• There was no discussion to revive the World Trade Organization’s (WTO) Appellate Body (AB), which has been redundant since 2019, at the recently concluded 12th ministerial conference.
  • WTO was established to provide a platform for negotiations for liberating trade and creating rules, as well as to monitor and administer multilateral trades.
  • One of the key objectives was also to address the grievances between its members by acting as a court for global trade.
  • The Appellate Body, set up in 1995, is a standing committee of seven members with a limited four-year term that presides over appeals against judgments passed in trade-related disputes brought by WTO members.
  • Disputes arise when a member country observes that another member government is breaching a commitment, or a trade agreement made at the WTO.
  • Trade remedies under WTO guidelines mean that members are prohibited from raising their tariffs above a certain margin. But it offers a provision for governments to break these rules to apply trade remedies, which include anti-dumping duties, wherein the market is distorted by the manufacturing country by exporting the goods at a cheaper rate than the market.
  • Countries are allowed to make the move to defend its cheap imports and other offsetting duties to protect itself from subsidised imports to safeguard tariffs countering the import hikes.


  • The United States stopped the process of reappointing judges, after their terms expired in 2017. In December 2019, the number of judges in the court fell below three — the minimum required.
  • It believes the WTO is biased against it, and has criticised it for being “unfair”.
  • At least three people are required to preside over an appeal, and if new members are not appointed to replace the two retiring ones, the body will cease to be relevant.
  • Over 600 cases reached the body since its formation in 1995 and rulings were issued in some 350.
  • It has even blamed that the AB has failed to issue rulings within the 90-day deadline.

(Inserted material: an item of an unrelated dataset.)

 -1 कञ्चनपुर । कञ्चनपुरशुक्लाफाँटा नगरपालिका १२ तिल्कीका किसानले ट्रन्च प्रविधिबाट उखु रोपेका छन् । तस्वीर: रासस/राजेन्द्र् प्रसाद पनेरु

  • Several U.S. provisions for imposing countervailing and anti-dumping measures are found to be inconsistent with core provisions of the WTO agreements.


  • With the Appellate Body unable to review new applications, there is already great uncertainty over the WTO’s dispute settlement process.

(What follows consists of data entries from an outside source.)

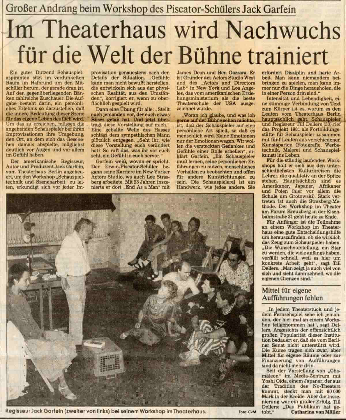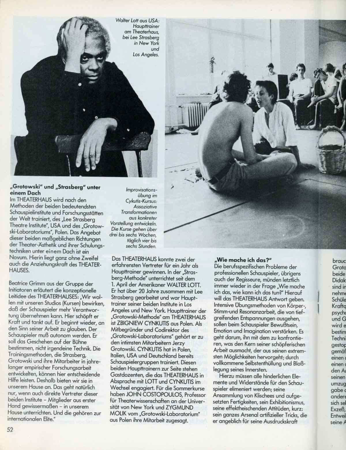 Walter Lott arbeitet 20 Jahre mit Lee Strasberg. Als Mitglied des Actor’s Studio New York war er über Jahre einer der Haupttrainer am Strasberg-Institut Los Angeles. Seine intensive Übungsmethode, die von tiefgreifender Entspannung unter Entwicklung des Sinnesgedächtnisses ausgeht, verstärkt beim Schauspieler Bewusstsein, Emotion und Imagination. In der szenischen Darstellung wird die Arbeit am Sinnesgedächtnis einbezogen um imaginäre Realitäten zu kreieren. Die Erforschung von wirkungsvolleren Arbeitsweisen vertieft Kontakte, Beziehungen und Interaktionen in der Ensemblearbeit.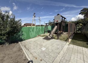 На участке установлена детская игровая площадка,теплица, несколько грядок для зелени, есть место для бассейна. Есть плодово-ягодные растения (яблоня, слива, клубника, смородина, малина, крыжовник, жимолость).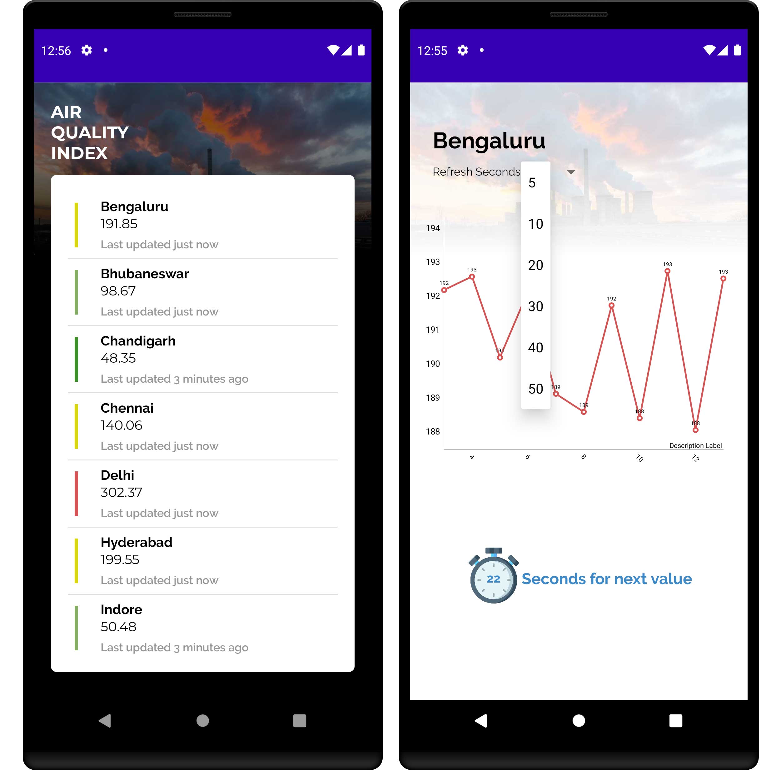 AQI application shows the Air Quality Index of indian cities. The data is refreshed realtime. The application allows us to see realtime chart of the data at custom interval. It took 2 and a half days to complete the app. The background used in the app is self designed in Adobe photoshop.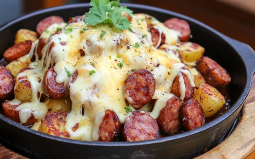 Papa criolla, salchicha Rich's, queso, ripio de papa y salsas al gusto.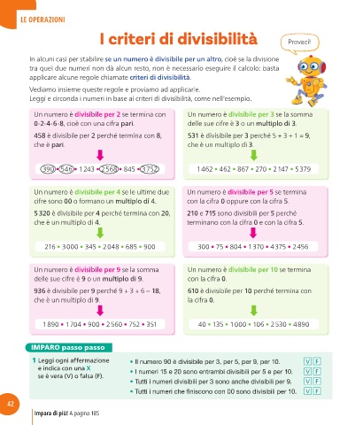 1 Leggi ogni affermazione • l numero 90 è divisibile per 3, per 5, per 9, per 10. V F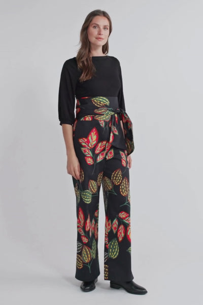 Weite Hose mit Bindegürtel Blätterprint Schwarz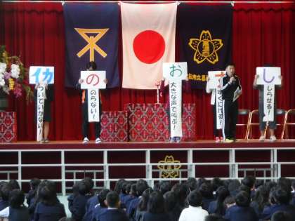 春休みの過ごし方について、子ども達に指導しております。子ども達には「イカのおすし」の約束を確認しました。子ども達が安心して安全に春休みを過ごしてくれることを願っています。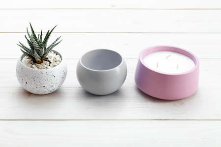 Succulents in concrete pots. Indoor cacti, indoor plants. fashion trends in design. burning candles.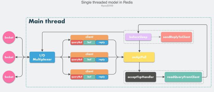以上便是 Redis 的核心网络模型,这个单线程网络模型一直到 Redis v6.0 才改造成多线程模式,但这并不意味着整个 Redis 一直都只是单线程。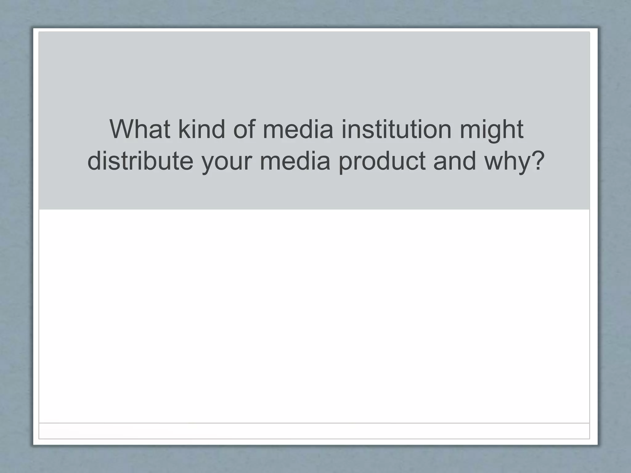 Showtime Networks would be a good potential distributor for the film because they have experience distributing similar thriller genres that deal with bullying and crime stories. Showtime Networks distributes films and TV shows like Scream and Bang Bang You're Dead, which the film is based on. They understand how to market and distribute this type of film. While self-distribution could allow keeping all profits, it would be very time consuming without the industry connections that distributors have.

  • If the body is declared non-functional, countries may be compelled to implement rulings by the panel even if they feel that gross errors have been committed.
  • Countries may refuse to comply with the order of the panel on the ground that it has no avenue for appeal. It will run the risk of facing arbitration proceedings initiated by the other party in the dispute.
  • This also does not bode well for India, which is facing a rising number of dispute cases, especially on agricultural products.
  • In the backdrop of rising trade tension between the US and China, the overall weakening of the WTO framework could have the effect of undoing over two decades of efforts to avoid protectionism in global trade.
  • The other long-term solutions include regular meetings of the WTO members with the Appellate body to ensure effective communication and immediate redressal mechanism.
  • Thus, all the nations must come together to bring in a common ground to address the crisis so as to not be faced with the worst-case scenario.